The petition 4-605  is online here.

Comments and supporters that joined after the filing are listed here.

Peer-to-Peer Equity: Crowdcube

With the introduction of p2p lending some lenders wrote that the concept enabled everyone to feel as banker.

Now, newly launched Crowdcube.com enables any UK resident to feel as venture capitalist for a financial commitment as low as 10 GBP. Investors can browse pitches which usually include business plans and financial projections and sometimes even video pitches.

In return for the investment, investors get shares of the company. For example entrepreneur Daniel Vinson wants to raise 50,000 GBP. He is offering 49% equity in return, meaning investors roughly get 1% shares in return for 1,000 GBP investment. So far 11 investors have pledged 1,200 GBP.

There are 6 entrepreneurs pitching for funding at the moment. Interested investors can answer questions and for some businesses a lively discussion has started.

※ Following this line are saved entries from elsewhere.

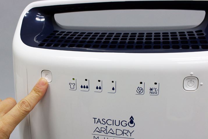 運転モードは衣類乾燥モードと、3段階で設定できる除湿モードが用意されています。除湿モードの強・中・弱は滴のイラストで直感的に操作できるユニバーサルデザインを採用(滴が多くなるほどパワフルに除湿)
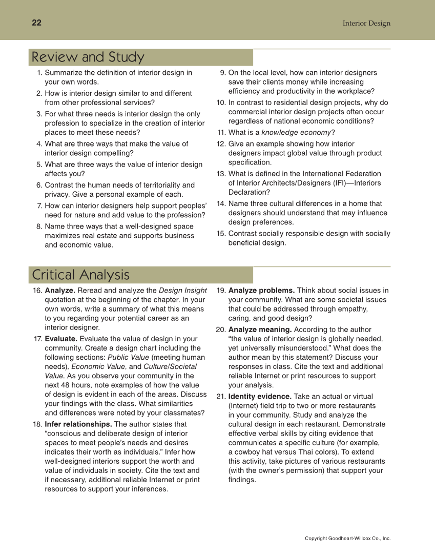 22 Interior Design Copyright Goodheart-Willcox Co., Inc. Review and Study 1. Summarize the definition of interior design in your own words. 2. How is interior design similar to and different from other professional services? 3. For what three needs is interior design the only profession to specialize in the creation of interior places to meet these needs? 4. What are three ways that make the value of interior design compelling? 5. What are three ways the value of interior design affects you? 6. Contrast the human needs of territoriality and privacy. Give a personal example of each. 7. How can interior designers help support peoples’ need for nature and add value to the profession? 8. Name three ways that a well-designed space maximizes real estate and supports business and economic value. 9. On the local level, how can interior designers save their clients money while increasing efficiency and productivity in the workplace? 10. In contrast to residential design projects, why do commercial interior design projects often occur regardless of national economic conditions? 11. What is a knowledge economy? 12. Give an example showing how interior designers impact global value through product specification. 13. What is defined in the International Federation of Interior Architects/Designers (IFI)—Interiors Declaration? 14. Name three cultural differences in a home that designers should understand that may influence design preferences. 15. Contrast socially responsible design with socially beneficial design. Critical Analysis 16. Analyze. Reread and analyze the Design Insight quotation at the beginning of the chapter. In your own words, write a summary of what this means to you regarding your potential career as an interior designer. 17. Evaluate. Evaluate the value of design in your community. Create a design chart including the following sections: Public Value (meeting human needs), Economic Value, and Culture/Societal Value. As you observe your community in the next 48 hours, note examples of how the value of design is evident in each of the areas. Discuss your findings with the class. What similarities and differences were noted by your classmates? 18. Infer relationships. The author states that “conscious and deliberate design of interior spaces to meet people’s needs and desires indicates their worth as individuals.” Infer how well-designed interiors support the worth and value of individuals in society. Cite the text and if necessary, additional reliable Internet or print resources to support your inferences. 19. Analyze problems. Think about social issues in your community. What are some societal issues that could be addressed through empathy, caring, and good design? 20. Analyze meaning. According to the author “the value of interior design is globally needed, yet universally misunderstood.” What does the author mean by this statement? Discuss your responses in class. Cite the text and additional reliable Internet or print resources to support your analysis. 21. Identity evidence. Take an actual or virtual (Internet) field trip to two or more restaurants in your community. Study and analyze the cultural design in each restaurant. Demonstrate effective verbal skills by citing evidence that communicates a specific culture (for example, a cowboy hat versus Thai colors). To extend this activity, take pictures of various restaurants (with the owner’s permission) that support your findings.
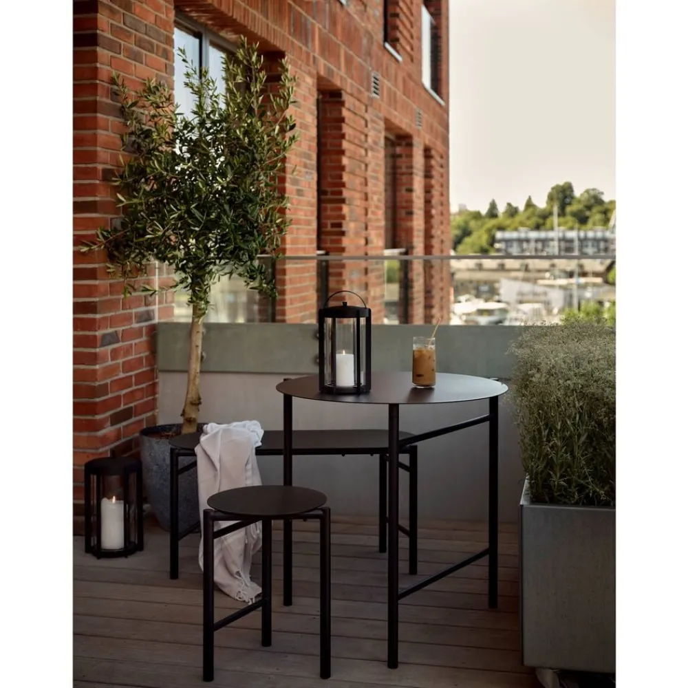 Disc-bænken er med sine 90 cm siddebredde perfekt til to. På trods af sit lette udtryk er den solid i brug. Den er udført i pulverlakeret stål og kan derfor tåle at stå ude. Den passer perfekt på altaner i byen eller små sommerhusterrasser. Præcis som resten af Disc-serien kan bænken foldes sammen, så den er let at flytte med eller pakke væk for vinteren. En anden mulighed er at invitere den ind i entreen eller stuen og bruge den til små stillebens og planter.
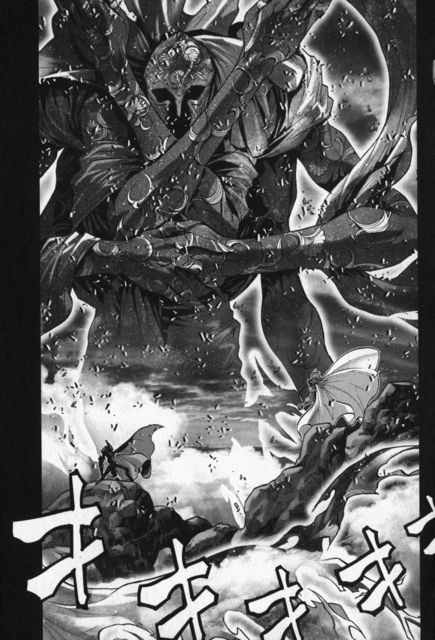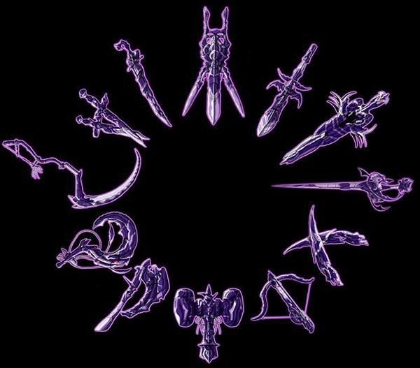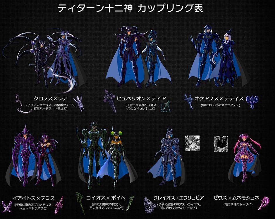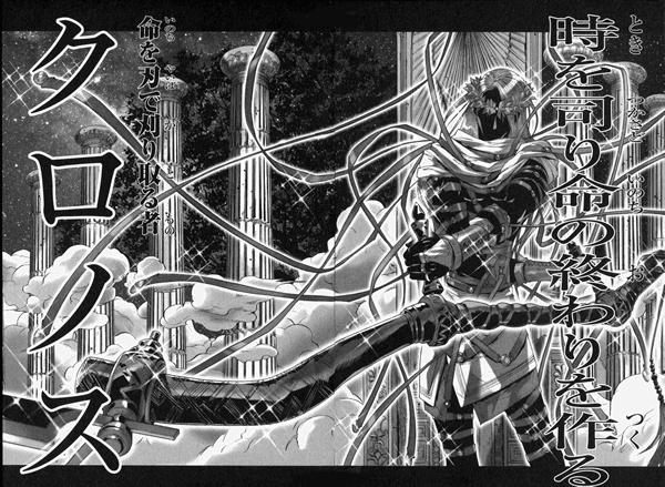 Cronos – Megas Depranon (la gran guadaña). Estas armas / armaduras fueron dadas por Gaia a sus hijos e hijas para que pudieran luchar contra la tiranía de su padre Urano. Estas armas pueden matar a los dioses, no se limitan a ser meras herramientas de ataque, y realmente pueden cambiar de forma para convertirse en una armadura. Extractos del Cosmo Special (Hypermyth) Se dice que el origen del Universo, así como el de los dioses (Zeus, Hades, Poseidón, Atenea, Ares, etc.), viene del Big Bang. Pero lo que no saben muchos es que Cronos (el padre de Zeus, Hades y Poseidón) fue quien causó el Big Bang. El Big Will (que es "la Voluntad de los Dioses") liberó el Bing Bang, y entonces emergió el Universo. Los detalles exactos de estos acontecimientos son escasos, no todo Saint Seiya sigue la línea de los mitos griegos clásicos. Pero, tras la creación del Universo desde el estado de la nada, Urano se convirtió en un tirano malvado. Gea y Urano, a su vez su propio hijo y esposo, engendraron a los Titanes. Urano oprimía a los Titanes, estos fueron encerrados por su tiránico padre, que tenía miedo de que eventualmente lo destronarán. Su madre Gaia, brutalizada por Urano, que también había encerrado en el Tártaro a sus hijos los Hecatónquiros y los Gigantes, pidió a sus hijos más pequeños los Titanes que la ayudaran a vengarse de su marido, requerimiento al que Cronos respondió positivamente. Gaia creó y otorgó a los Titanes armaduras que les servirían a la vez como armas. Estas vestiduras sagradas (armas-armaduras) se conocieron como Somas 楚真 (ソーマ) [Souma:Sooma]. El más joven y poderoso Titán (Cronos), recibió la más mortal de los Soma, con forma de guadaña y conocido como el "Megas Drepanon". Cronos, encabezó una rebelión contra su padre y lo derrotó. Después de la caída de Urano, Cronos se coronó como el Rey de los Dioses y Titanes, y reinó sobre el mundo. No se sabe mucho al respecto del lapso de este tiempo.
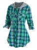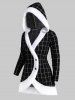 Hooded Plaid Grid Faux Fur Panel Plus Size Jacket
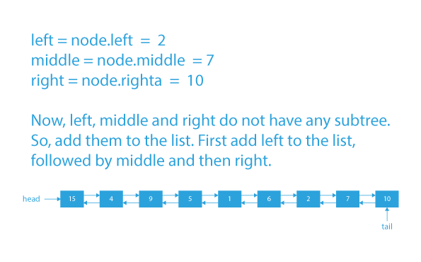 The binary tree is a tree data structure in which each node has at most two children nodes. This can be achieved by traversing the tree in the in-order manner, that is, left the child -> root ->right node. Traverse left subtree and convert it into the doubly linked list by adding nodes to the end of the list

Crowdcube, founded by Darren Westlake and Luke Lang, launched 2 weeks ago. Crowdcube’s business model is to offer a platform to match entrepreneurs with peer investors and business angels. Costs for entrepreneurs are a success fee of 5% of the funding amount plus legal fees of 1750 GBP for completion of each company investment.  For a limited period they are waiving the 250 GBP listing fee to register as an entrepreneur and add a pitch.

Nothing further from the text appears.